Magistrado ponente: Gustavo Enrique Malo Fernández

CORTE SUPREMA DE JUSTICIA República de Colombia Corte Suprema de Justicia Radicación n° 72408 CORTE SUPREMA DE JUSTICIA SALA DE CASACIÓN PENAL SALA DE DECISIÓN DE TUTELAS Nº 1 GUSTAVO ENRIQUE MALO FERNÁNDEZ MAGISTRADO PONENTE STP3050-2014 Radicación n° 72408 Acta No. 75. Bogotá, D.C., trece (13) de marzo de dos mil catorce (2014) VISTOS Decide la Sala, en primera instancia, la acción de tutela promovida por MARÍA LILIANA GUERRA BAUTISTA, en procura de protección de sus derechos fundamentales a la salud, debido proceso, mínimo vital y vida que estima vulnerados por la Sala Penal del Tribunal Superior de Distrito Judicial de Cúcuta y el Juzgado 1º Penal del Circuito Especializado de esa misma ciudad, trámite al que se vinculó a la Corporación Espíritu Santo y a Positiva Compañía de Seguros S.A.

ANTECEDENTES Y FUNDAMENTOS DE LA ACCIÓN 1. Del libelo de amparo y de la información allegada a la actuación, se tiene que la señora MARÍA LILIANA GUERRA BAUTISTA, en búsqueda de protección de sus derechos a la vida, salud y seguridad social, formuló acción de tutela en contra de la Corporación Espíritu Santo, Positiva Compañía de Seguros S.A., SaludCoop E.P.S. y Comfaoriente A.R.S., pues consideró contrario a las aludidas garantías la omisión de esas entidades de brindarle asistencia médica y económica, luego de sufrir un accidente de tipo laboral el día 6 de diciembre de 2013. 2.

Mediante fallo del 8 de enero de 2014, el Juzgado 1º Penal del Circuito Especializado de Cúcuta negó, por improcedente, la solicitud de amparo elevada por la señora GUERRA BAUTISTA, quien impugnó lo decidido, motivo por el cual el conocimiento del asunto correspondió a la Sala Penal del Tribunal Superior del Distrito Judicial de esa misma ciudad, Colegiatura que confirmó lo decidido por el a-quo aludiendo, básicamente, al hecho de que la demandante no hubiera reclamado, previamente a la interposición de la acción de amparo, ante los entidades demandadas, el pago de las incapacidades laborales que menciona. 3.

Concreta la violación en la forma como esas autoridades judiciales resolvieron, en primera y segunda instancias, negar la protección deprecada, cuando en el curso del accionamiento allegó las pruebas de que no solo no le cancelaron los honorarios que le correspondían, sino también de que continúa con un mal estado de salud, pese a la atención medica que recibió el 28 de diciembre del año pasado.

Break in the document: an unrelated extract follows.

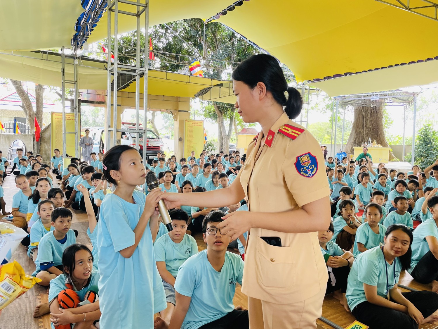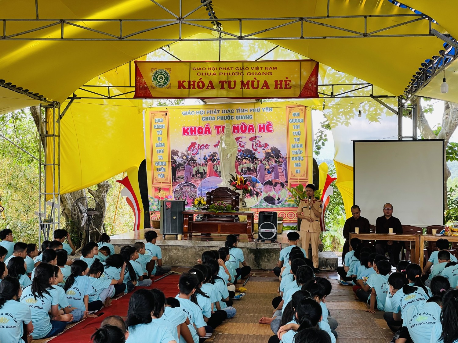 Thực hiện kế hoạch phối hợp giữa Phòng Cảnh sát giao thông, Công an tỉnh và Ban trị sự GHPG Việt Nam tỉnh Phú Yên về tăng cường tuyên truyền pháp luật về ATGT, sáng ngày 16/6, Phòng CSGT đã tổ chức tuyên truyền pháp luật về ATGT cho 380 Phật tử, là các em học sinh từ cấp tiểu học đến trung học phổ thông trên địa bàn tỉnh Phú Yên, tham gia khóa tu mùa hè năm 2023 tại chùa Phước Quang, huyện Sông Hinh
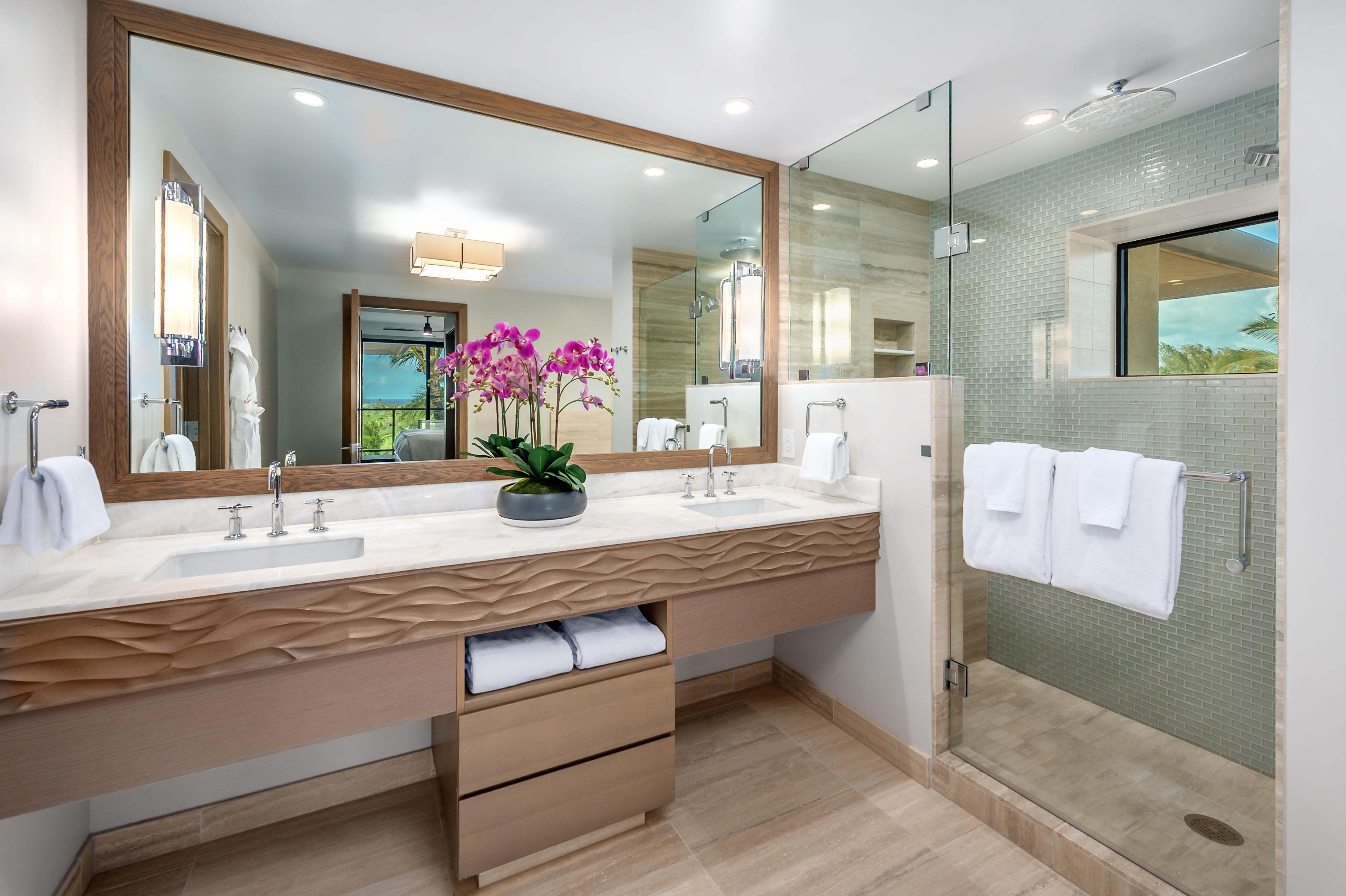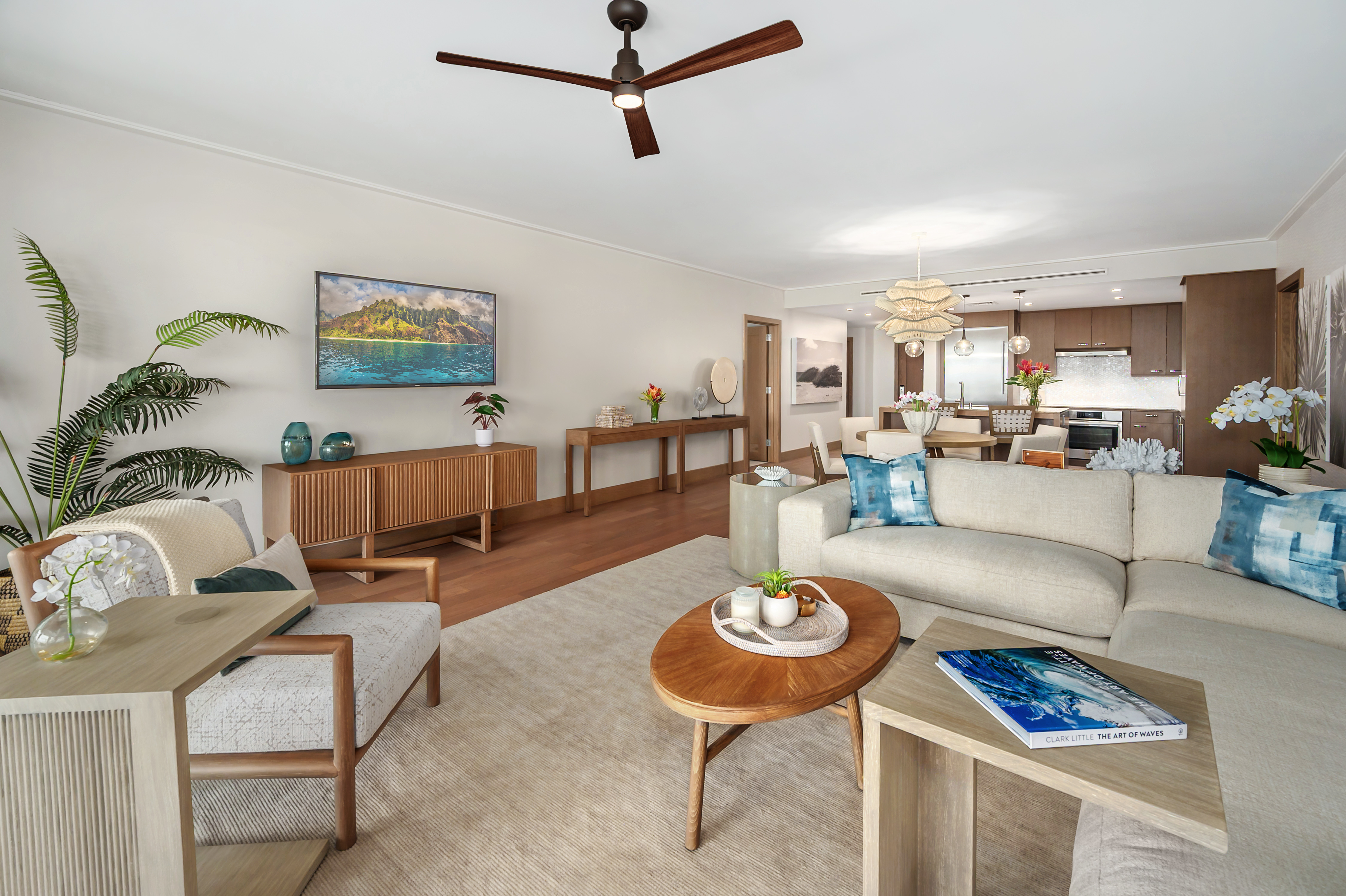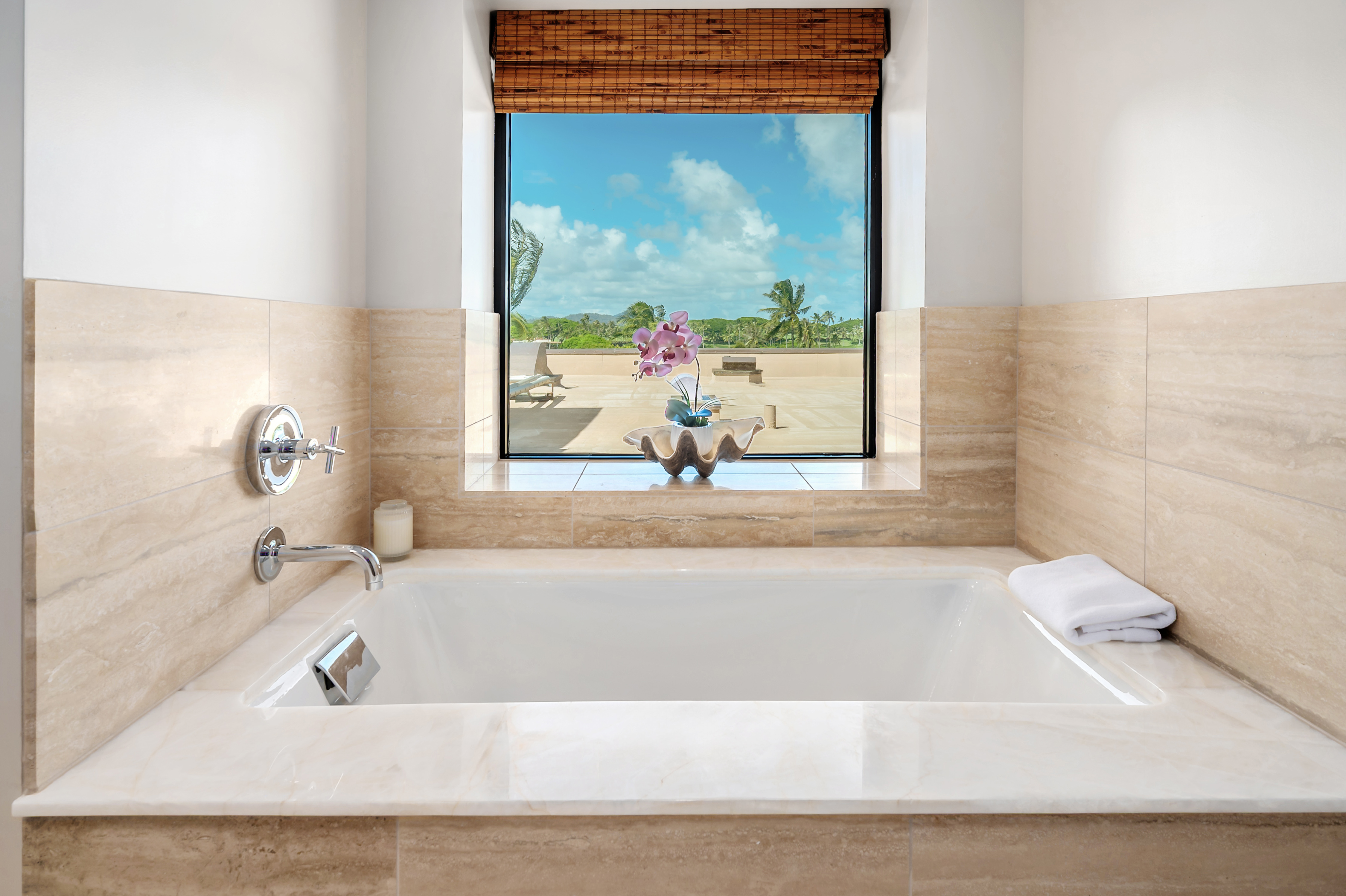 This gorgeous 3 bedroom/3.5 bath penthouse boasts beautiful Kauai sunrise views across the grotto pool to the Ninini Pt. lighthouse and Running Waters Bay from the four spacious lanais. The location of this home offers privacy and serenity and stunning views from every room of the tropical surroundings. Inside you’ll find an exceptional level of finish, with thoughtfully designed custom cabinetry, natural stone vanities and beautifully appointed kitchen that feature Thermador and Bosch appliances. The residence is beautifully furnished by Henderson House and is offered fully turn-key.

PRETENSIONES DE LA ACCIÓN Solicita la accionante tutelar sus derechos fundamentales invocados, y, en consecuencia, se ordene pagar las prestaciones económicas a que tiene derecho, y que los fallos de tutelas cuestionados no le reconocieron y que actualmente la mantienen en un estado de “gran necesidad”. INFORMES DE LOS FUNCIONARIOS ACCIONADOS Y VINCULADOS AL TRÁMITE PROCESAL Dentro del plazo otorgado para que se pronunciaran sobre los planteamientos contenidos en el accionamiento, solamente rindió informe: 1.

Juzgado 1º Penal del Circuito Especializado de Cúcuta. Indicó que su decisión estuvo ajustada a los parámetros legales, y a las circunstancias que rodearon la situación planteada por la demandante. Por ello se opuso a las pretensiones de la demandante, aludiendo, además, a la jurisprudencia constitucional, que ha definido la improcedencia de las acciones de tutelas contra sentencias de tutela, como ocurre en este caso. 2.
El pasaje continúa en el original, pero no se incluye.